Coira tells us to return to our train cars and change into fancy clothes. I'm told there's some nice dress or something in the closet. I'm also told taking a shower would be good, but I don't have the energy and know I'll just spend all my time staring into space anyways. Contemplating life; contemplating the choices I have made. 

The dress in my closet is blue, to represent District Four. Sheer green fabric shows off my oh-so-sexy knees, sparkling in the light. I have to admit it's pretty, but it's also really not my style. 

Looking in the mirror hanging on my wall, I brush out my hair and scrape excess mascara off my eyelids. I look fine--might even say pretty. That's good. I want to look pretty when I'm presented to a public audience. I want them to like me so they'll send me food in the arena and I can survive. 
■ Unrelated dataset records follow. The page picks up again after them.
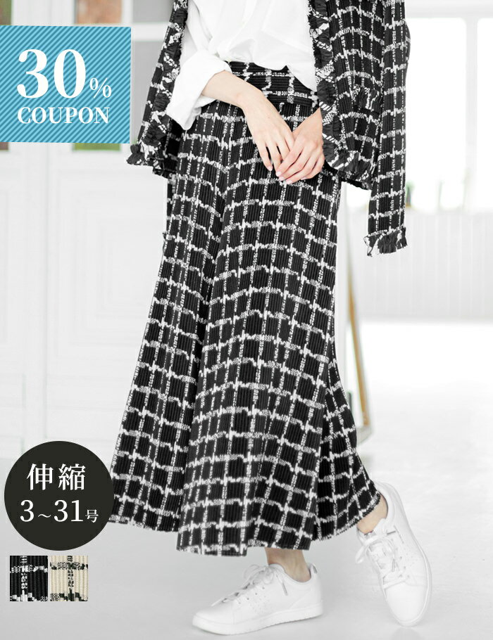 ガウチョパンツ キュロット S/M/L/LL/3L 7-21号 体型カバー 細見え 伸縮 春 夏 秋 冬 【SPECCHIO 公式店】スペッチオ レディース シャトルプリーツ ヘリンボーン柄 ワイドパンツ スカンツ きれいめ セレモニー 洗える 40代 50代 60代 大きいサイズ 送料無料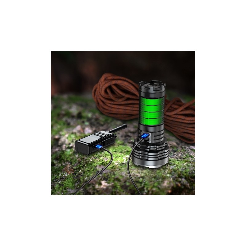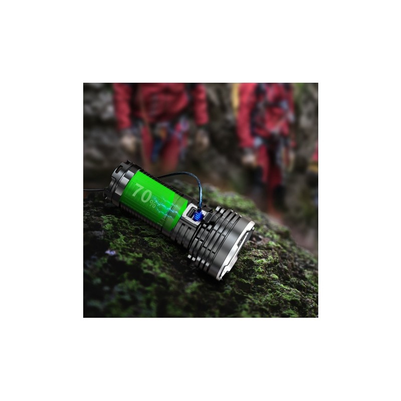 Fenix LR40R V2.0 zasilany jest potężnym pakietem akumulatorowym o pojemności 15 000 mAh (3×5000 mAh), na którym latarka może pracować ponad tydzień w trybie ecco (10 lumenów) lub 150 minut w trybie turbo - 15 000 lumenów (sumaryczny czas pracy). Dzięki zastosowaniu portu USB-C oraz wsparciu dla protokołów szybkiego ładowania QC2.0 akumulator pojemności 15 000 mAh możemy naładować w zaledwie 4 godziny.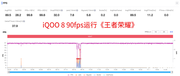 首先,我們讓iQOO 8運(yùn)行熱門(mén)網(wǎng)游《王者榮耀》,結(jié)果如上圖所示,iQOO 8可以輕松做到全程90fps運(yùn)行《王者榮耀》,即使復(fù)雜團(tuán)戰(zhàn),也沒(méi)有出現(xiàn)大的幀率波動(dòng)。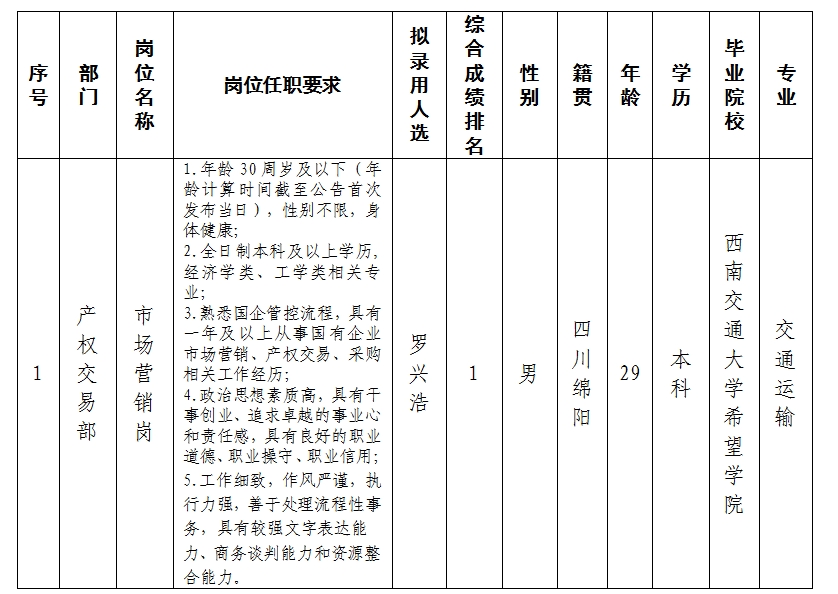 根據(jù)綿陽市綿投商業(yè)運(yùn)營管理有限責(zé)任公司發(fā)布的招聘公告及招聘相關(guān)規(guī)定,經(jīng)筆試、面試、考察、體檢等程序,擬錄用羅興浩同志到產(chǎn)權(quán)交易部工作,現(xiàn)予以公示,具體情況如下:

The train slows. An Avox knocks on my door. I yell at her to come in and she does, then points out to the hallway. I assume this means the train is stopped and I have to get off now. 

I follow her out. She stands next to the door where I entered the train, her arms stretched towards the exit, a smile painted across her face. Without a tongue, she looks unnatural. With no context I don't think I could tell what was wrong, just a lingering feeling. It creeps me out. 
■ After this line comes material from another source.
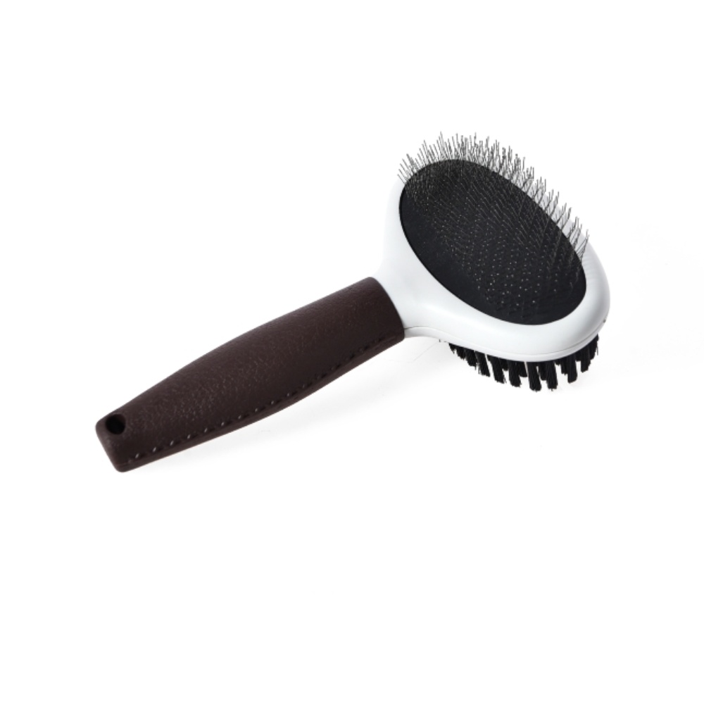 Oválný oboustranný kartáč s jemnými zuby je vhodný pro všechny typy srsti je ideální pro každodenní čištění.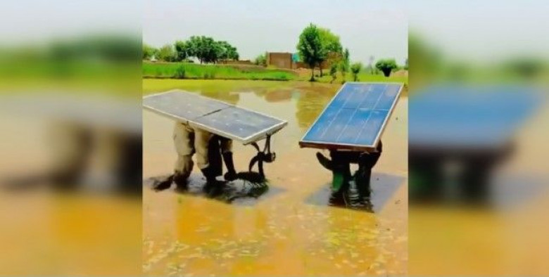 Համացանցում հայտնվել է մի տեսանյութ, որտեղ երևում է, որ մարդիկ աշխատում են դաշտում, և նրանց մեջքերի վրա ամրացված են արևային մարտկոցներ՝ վենտիլյատորներ աշխատացնելու համար: Կադրերը հրապարակվել են YouTube-ի balooch pirghar ալիքում։ Տեսանյութում երևում է, թե ինչպես են երկու հոգի շոգ եղանակին ձեռքով բրինձ հավաքում։ Դրանցից յուրաքանչյուրի վրա մեջքին կարելի է տեսնել արևային մարտկոց, որի շնորհիվ վենտիլյատորներն աշխատում են գլխի մոտ ապահովելով զովություն։ Միևնույն ժամանակ, աշխատողներից մեկի մոտ սարքն ավելի վատ է աշխատում, հավանաբար արևային վահանակի աղտոտվածության պատճառով։ Տեսանյութի երկրորդ կերպարի վենտիլյատորի թևերն ավելի արագ են պտտվում։

Outside, crowds cheer too loud for my ears, sensitized by the silence of my car on the train. Ahead of me Apollo basks in the fame. He's got his full smile out, and is waving to cameras, blowing kisses. 
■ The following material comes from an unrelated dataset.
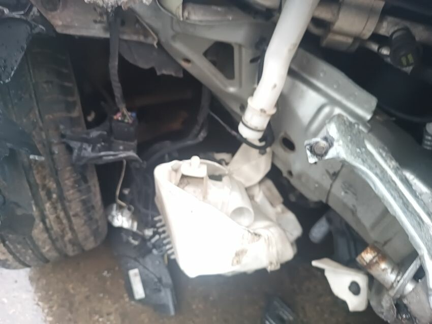 Deadlocked, wet interior, drivers airbags deployed, front bumper damaged, drivers headlight missing, drivers front wing damaged, washer fluid bottle squashed, crash bar damaged, windscreen smashed, general wear and tear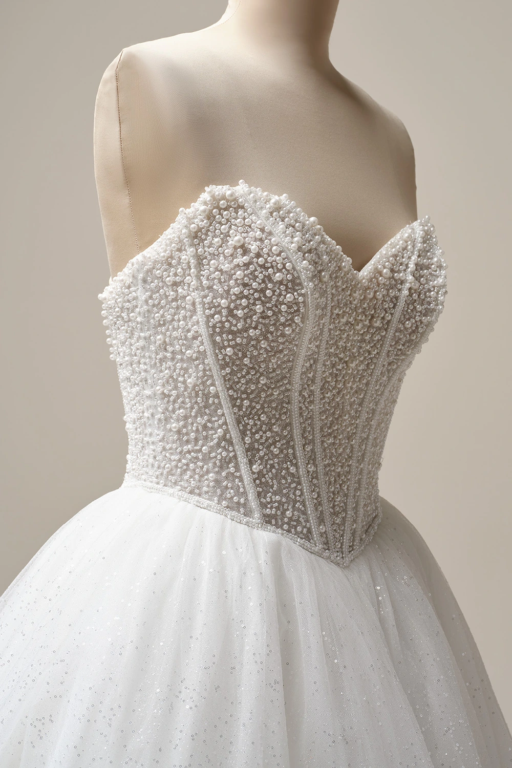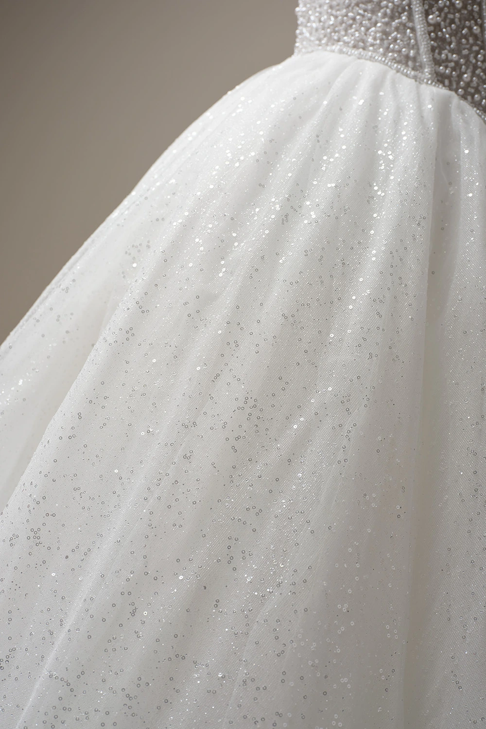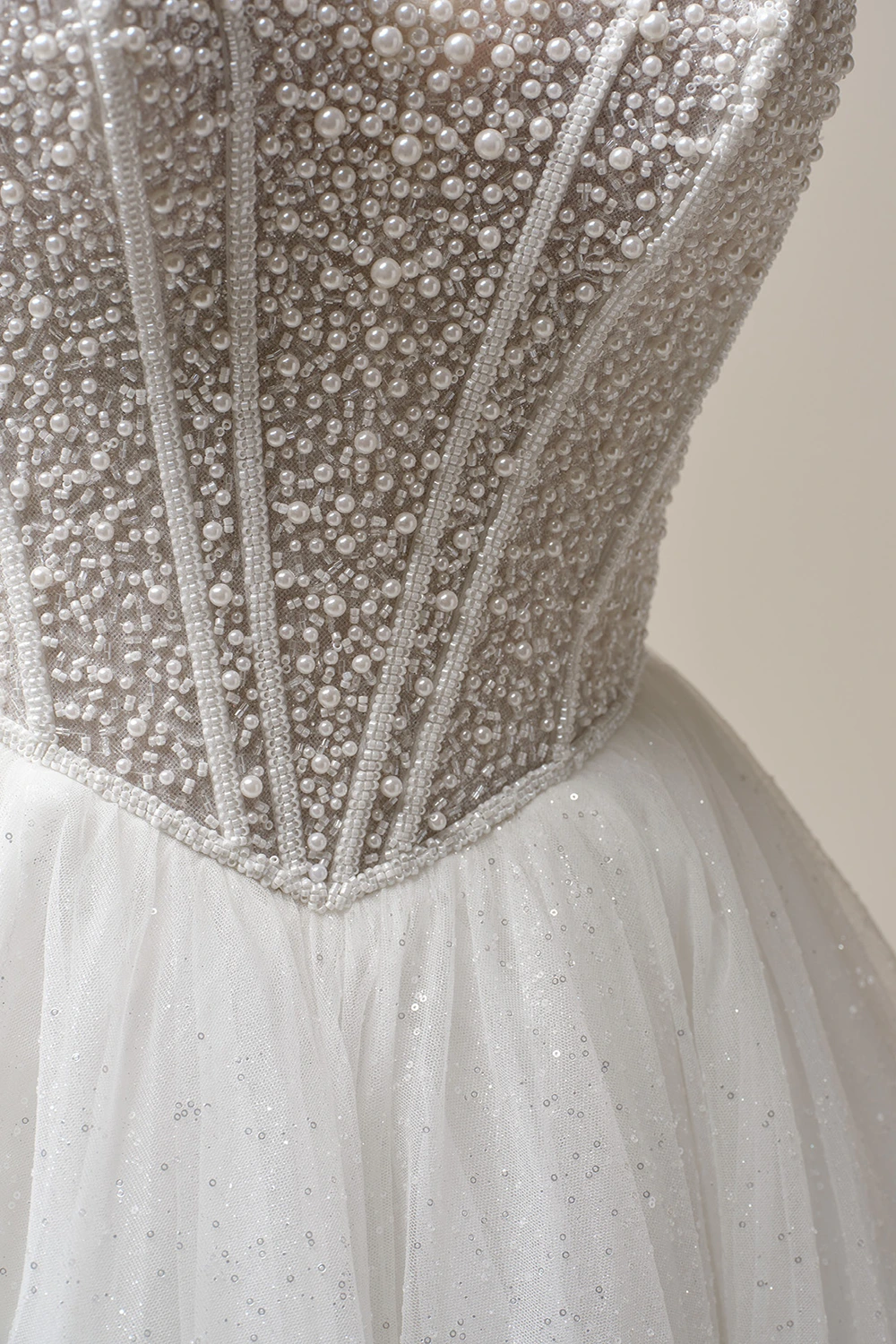 - Baskisches Taillenmieder, verziert mit Perlen über Glitzertüll

"I'm back, Capitol!" he shouts condescendingly, and the crowd goes wild. 

I decide how to play this. I'll act all prim and pretty; the unfortunate daughter of a previous victor. Once the games start, I'll disappear, hide up in a tree or cave somewhere until everyone else is dead. I won't kill anyone, but maybe I'll have a chance of survival. 

I won't make any alliances. I can't trust people; in the games they are all guilty and murderous, no matter what type of person they are. We are all here to win, and to win you must kill. 

Unless. Unless that's wrong. I hope it's wrong, I really do.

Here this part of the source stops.